## PROVIDED DATA
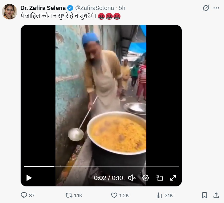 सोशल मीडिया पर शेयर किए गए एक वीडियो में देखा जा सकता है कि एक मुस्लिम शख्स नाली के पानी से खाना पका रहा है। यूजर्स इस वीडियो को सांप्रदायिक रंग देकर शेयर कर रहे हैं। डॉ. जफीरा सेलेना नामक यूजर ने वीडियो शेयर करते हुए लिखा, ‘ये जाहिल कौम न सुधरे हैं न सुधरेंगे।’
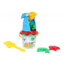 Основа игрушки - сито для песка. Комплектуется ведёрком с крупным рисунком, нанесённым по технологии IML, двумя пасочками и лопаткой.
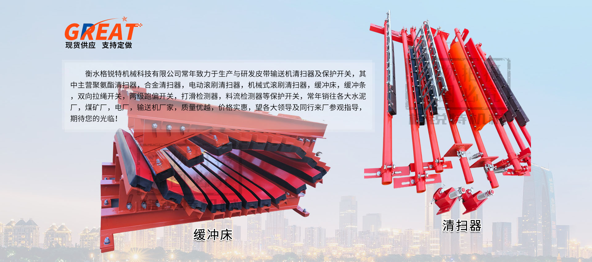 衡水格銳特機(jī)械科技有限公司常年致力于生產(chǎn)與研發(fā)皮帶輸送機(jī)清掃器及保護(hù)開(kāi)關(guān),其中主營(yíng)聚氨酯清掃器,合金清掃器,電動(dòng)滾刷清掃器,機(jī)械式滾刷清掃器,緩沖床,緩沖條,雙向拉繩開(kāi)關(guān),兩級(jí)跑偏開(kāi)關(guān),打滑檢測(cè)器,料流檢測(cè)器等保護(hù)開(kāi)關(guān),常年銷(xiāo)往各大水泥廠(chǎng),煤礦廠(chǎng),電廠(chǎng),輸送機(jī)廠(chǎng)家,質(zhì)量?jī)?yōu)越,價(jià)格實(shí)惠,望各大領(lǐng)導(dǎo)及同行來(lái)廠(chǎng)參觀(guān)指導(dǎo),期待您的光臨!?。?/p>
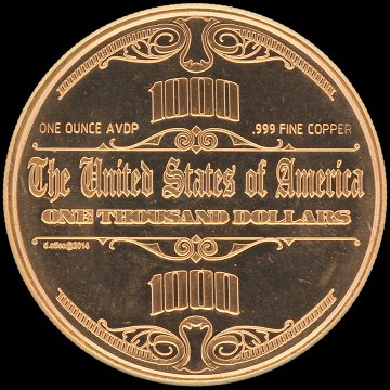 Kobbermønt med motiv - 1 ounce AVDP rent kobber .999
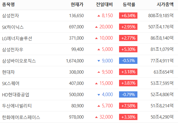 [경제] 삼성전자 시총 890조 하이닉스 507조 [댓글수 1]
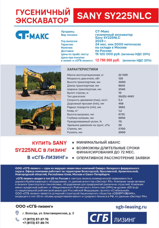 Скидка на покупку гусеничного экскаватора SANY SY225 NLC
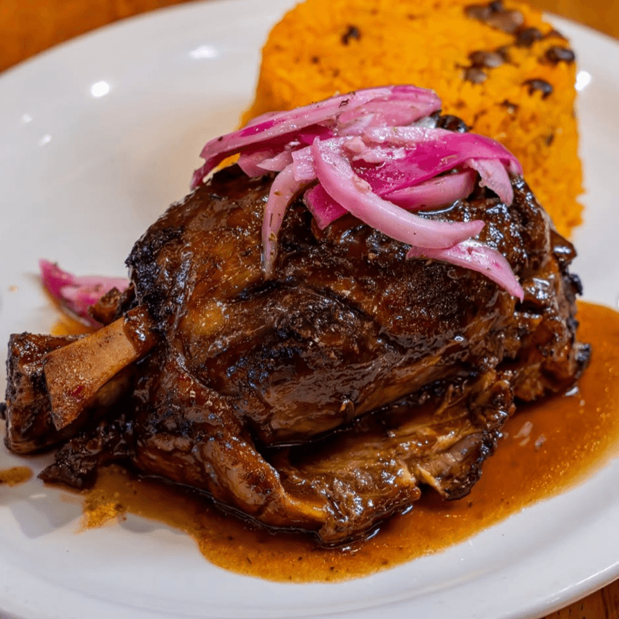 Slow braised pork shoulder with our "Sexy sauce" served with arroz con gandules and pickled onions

* * *

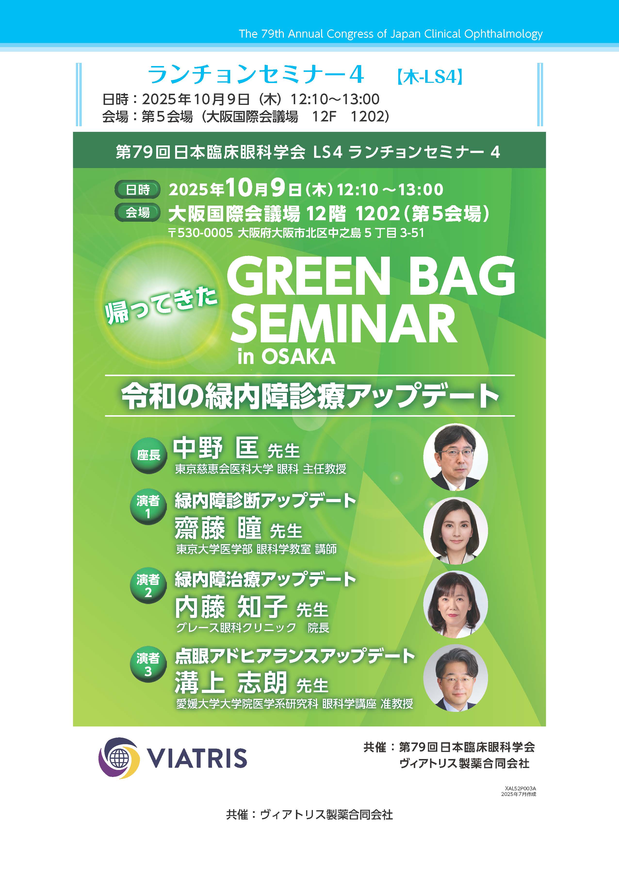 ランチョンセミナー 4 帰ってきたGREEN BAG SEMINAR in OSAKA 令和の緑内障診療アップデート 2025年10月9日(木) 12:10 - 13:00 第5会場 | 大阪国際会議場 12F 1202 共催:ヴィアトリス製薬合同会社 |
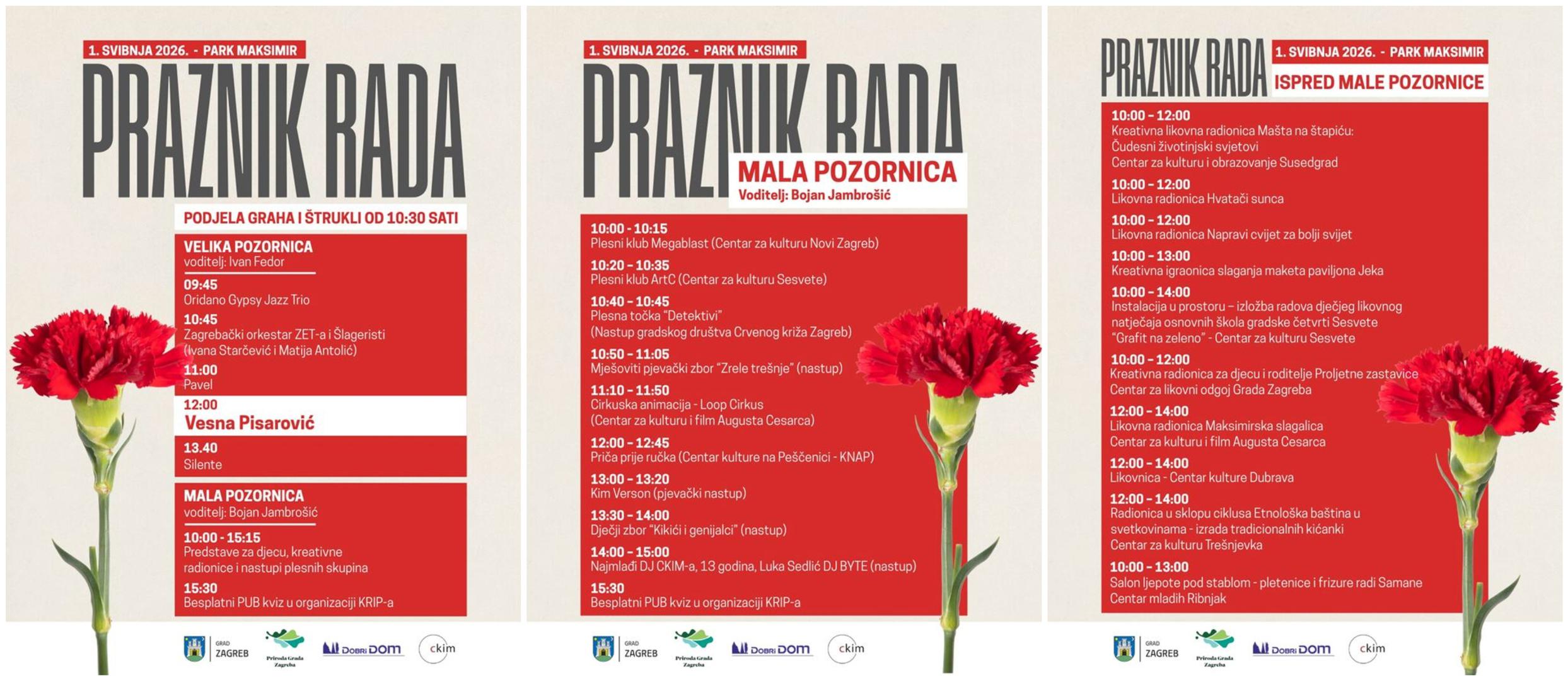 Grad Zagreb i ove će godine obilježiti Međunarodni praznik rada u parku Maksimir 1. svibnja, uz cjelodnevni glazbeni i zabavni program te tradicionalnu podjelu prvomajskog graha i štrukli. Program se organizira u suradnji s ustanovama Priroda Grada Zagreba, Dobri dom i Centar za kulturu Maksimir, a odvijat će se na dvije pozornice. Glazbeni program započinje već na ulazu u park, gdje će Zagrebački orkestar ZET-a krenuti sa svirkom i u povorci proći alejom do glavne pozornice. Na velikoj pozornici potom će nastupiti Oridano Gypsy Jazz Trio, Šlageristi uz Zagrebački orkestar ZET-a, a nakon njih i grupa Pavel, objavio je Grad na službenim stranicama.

...

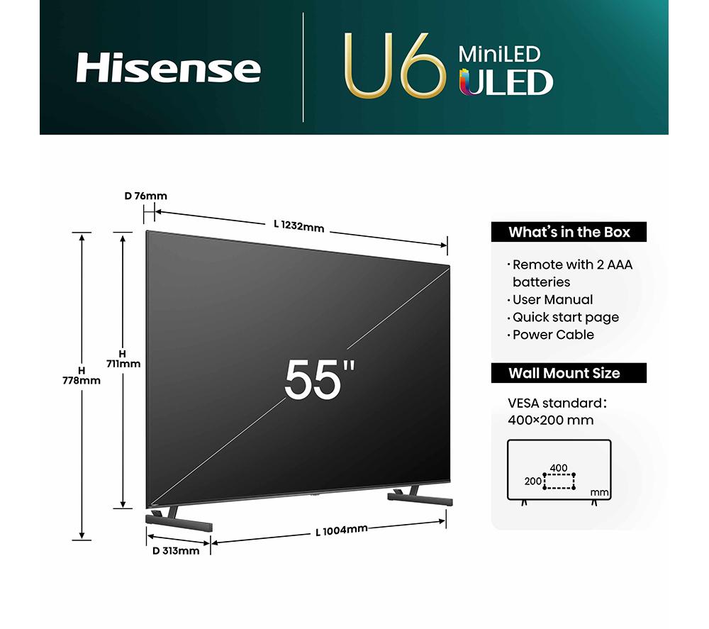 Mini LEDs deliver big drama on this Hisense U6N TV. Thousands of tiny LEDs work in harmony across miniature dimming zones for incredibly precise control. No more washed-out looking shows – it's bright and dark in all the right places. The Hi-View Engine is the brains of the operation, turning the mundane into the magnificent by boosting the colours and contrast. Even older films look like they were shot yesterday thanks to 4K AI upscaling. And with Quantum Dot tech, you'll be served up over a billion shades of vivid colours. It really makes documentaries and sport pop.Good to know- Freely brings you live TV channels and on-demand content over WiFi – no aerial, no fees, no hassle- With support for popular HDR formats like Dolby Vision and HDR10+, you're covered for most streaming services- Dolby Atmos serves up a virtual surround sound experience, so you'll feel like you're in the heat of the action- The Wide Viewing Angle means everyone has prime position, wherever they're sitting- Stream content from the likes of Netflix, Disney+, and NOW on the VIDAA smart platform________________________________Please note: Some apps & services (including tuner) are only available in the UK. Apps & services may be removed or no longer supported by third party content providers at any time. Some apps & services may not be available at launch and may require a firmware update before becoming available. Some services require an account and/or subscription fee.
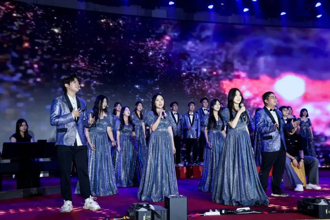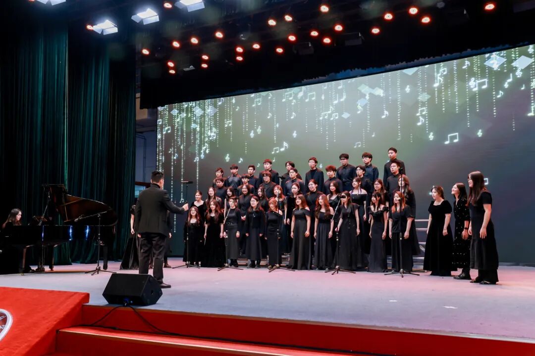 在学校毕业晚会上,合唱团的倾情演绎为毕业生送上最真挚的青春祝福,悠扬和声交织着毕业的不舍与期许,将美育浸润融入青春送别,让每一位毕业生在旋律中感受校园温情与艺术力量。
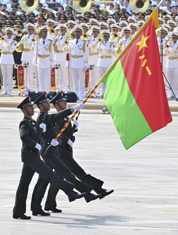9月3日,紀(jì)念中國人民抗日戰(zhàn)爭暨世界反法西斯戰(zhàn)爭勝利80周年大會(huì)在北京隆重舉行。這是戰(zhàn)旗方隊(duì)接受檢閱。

## WHAT THE TASK REQUIRES
Only the lines starting at the one with "[경제] 삼성전자 시총 890조 하이닉스 507조 [댓글수 1]" and ending at the one with "Slow braised pork" should be printed, each exactly as it appears in the material above; the pictures are to be omitted.

## RESPONSE TO THIS TASK
 [경제] 삼성전자 시총 890조 하이닉스 507조 [댓글수 1]
 Скидка на покупку гусеничного экскаватора SANY SY225 NLC
 Slow braised pork shoulder with our "Sexy sauce" served with arroz con gandules and pickled onions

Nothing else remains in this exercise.